Problem to solve: All of the entries need to be written out again, exactly as they are.

-.-.-

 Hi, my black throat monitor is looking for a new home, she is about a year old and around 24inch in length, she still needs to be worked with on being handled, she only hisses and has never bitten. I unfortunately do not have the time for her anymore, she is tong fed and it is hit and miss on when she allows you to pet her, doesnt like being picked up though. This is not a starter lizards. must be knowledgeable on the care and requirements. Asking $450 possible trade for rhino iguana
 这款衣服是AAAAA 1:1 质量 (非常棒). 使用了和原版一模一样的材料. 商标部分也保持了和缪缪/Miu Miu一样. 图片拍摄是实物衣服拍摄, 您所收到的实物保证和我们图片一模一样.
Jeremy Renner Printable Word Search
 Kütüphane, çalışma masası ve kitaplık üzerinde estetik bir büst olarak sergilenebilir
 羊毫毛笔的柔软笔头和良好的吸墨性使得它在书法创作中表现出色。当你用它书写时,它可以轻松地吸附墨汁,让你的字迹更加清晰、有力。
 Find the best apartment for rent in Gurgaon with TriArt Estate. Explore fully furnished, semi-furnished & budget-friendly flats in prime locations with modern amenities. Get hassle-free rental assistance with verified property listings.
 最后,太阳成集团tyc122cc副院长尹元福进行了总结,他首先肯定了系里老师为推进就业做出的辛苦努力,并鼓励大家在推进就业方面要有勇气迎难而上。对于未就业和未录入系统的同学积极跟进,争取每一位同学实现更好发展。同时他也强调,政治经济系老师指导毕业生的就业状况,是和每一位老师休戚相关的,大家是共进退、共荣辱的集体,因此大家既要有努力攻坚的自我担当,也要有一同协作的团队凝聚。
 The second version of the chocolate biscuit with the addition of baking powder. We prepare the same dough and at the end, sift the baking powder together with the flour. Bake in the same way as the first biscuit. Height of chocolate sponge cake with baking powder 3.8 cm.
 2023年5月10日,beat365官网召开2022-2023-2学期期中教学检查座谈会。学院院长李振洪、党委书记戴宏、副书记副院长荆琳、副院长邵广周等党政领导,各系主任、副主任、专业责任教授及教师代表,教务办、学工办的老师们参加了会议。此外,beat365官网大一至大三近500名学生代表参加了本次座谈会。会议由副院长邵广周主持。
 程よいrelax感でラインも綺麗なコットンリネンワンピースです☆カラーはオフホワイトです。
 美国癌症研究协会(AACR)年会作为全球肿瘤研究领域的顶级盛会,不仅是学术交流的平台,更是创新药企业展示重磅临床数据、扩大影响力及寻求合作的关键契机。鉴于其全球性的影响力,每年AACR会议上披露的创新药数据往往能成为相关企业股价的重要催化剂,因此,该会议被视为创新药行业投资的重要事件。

-.-.-

Task answer:
 Hi, my black throat monitor is looking for a new home, she is about a year old and around 24inch in length, she still needs to be worked with on being handled, she only hisses and has never bitten. I unfortunately do not have the time for her anymore, she is tong fed and it is hit and miss on when she allows you to pet her, doesnt like being picked up though. This is not a starter lizards. must be knowledgeable on the care and requirements. Asking $450 possible trade for rhino iguana
 这款衣服是AAAAA 1:1 质量 (非常棒). 使用了和原版一模一样的材料. 商标部分也保持了和缪缪/Miu Miu一样. 图片拍摄是实物衣服拍摄, 您所收到的实物保证和我们图片一模一样.
Jeremy Renner Printable Word Search
 Kütüphane, çalışma masası ve kitaplık üzerinde estetik bir büst olarak sergilenebilir
 羊毫毛笔的柔软笔头和良好的吸墨性使得它在书法创作中表现出色。当你用它书写时,它可以轻松地吸附墨汁,让你的字迹更加清晰、有力。
 Find the best apartment for rent in Gurgaon with TriArt Estate. Explore fully furnished, semi-furnished & budget-friendly flats in prime locations with modern amenities. Get hassle-free rental assistance with verified property listings.
 最后,太阳成集团tyc122cc副院长尹元福进行了总结,他首先肯定了系里老师为推进就业做出的辛苦努力,并鼓励大家在推进就业方面要有勇气迎难而上。对于未就业和未录入系统的同学积极跟进,争取每一位同学实现更好发展。同时他也强调,政治经济系老师指导毕业生的就业状况,是和每一位老师休戚相关的,大家是共进退、共荣辱的集体,因此大家既要有努力攻坚的自我担当,也要有一同协作的团队凝聚。
 The second version of the chocolate biscuit with the addition of baking powder. We prepare the same dough and at the end, sift the baking powder together with the flour. Bake in the same way as the first biscuit. Height of chocolate sponge cake with baking powder 3.8 cm.
 2023年5月10日,beat365官网召开2022-2023-2学期期中教学检查座谈会。学院院长李振洪、党委书记戴宏、副书记副院长荆琳、副院长邵广周等党政领导,各系主任、副主任、专业责任教授及教师代表,教务办、学工办的老师们参加了会议。此外,beat365官网大一至大三近500名学生代表参加了本次座谈会。会议由副院长邵广周主持。
 程よいrelax感でラインも綺麗なコットンリネンワンピースです☆カラーはオフホワイトです。
 美国癌症研究协会(AACR)年会作为全球肿瘤研究领域的顶级盛会,不仅是学术交流的平台,更是创新药企业展示重磅临床数据、扩大影响力及寻求合作的关键契机。鉴于其全球性的影响力,每年AACR会议上披露的创新药数据往往能成为相关企业股价的重要催化剂,因此,该会议被视为创新药行业投资的重要事件。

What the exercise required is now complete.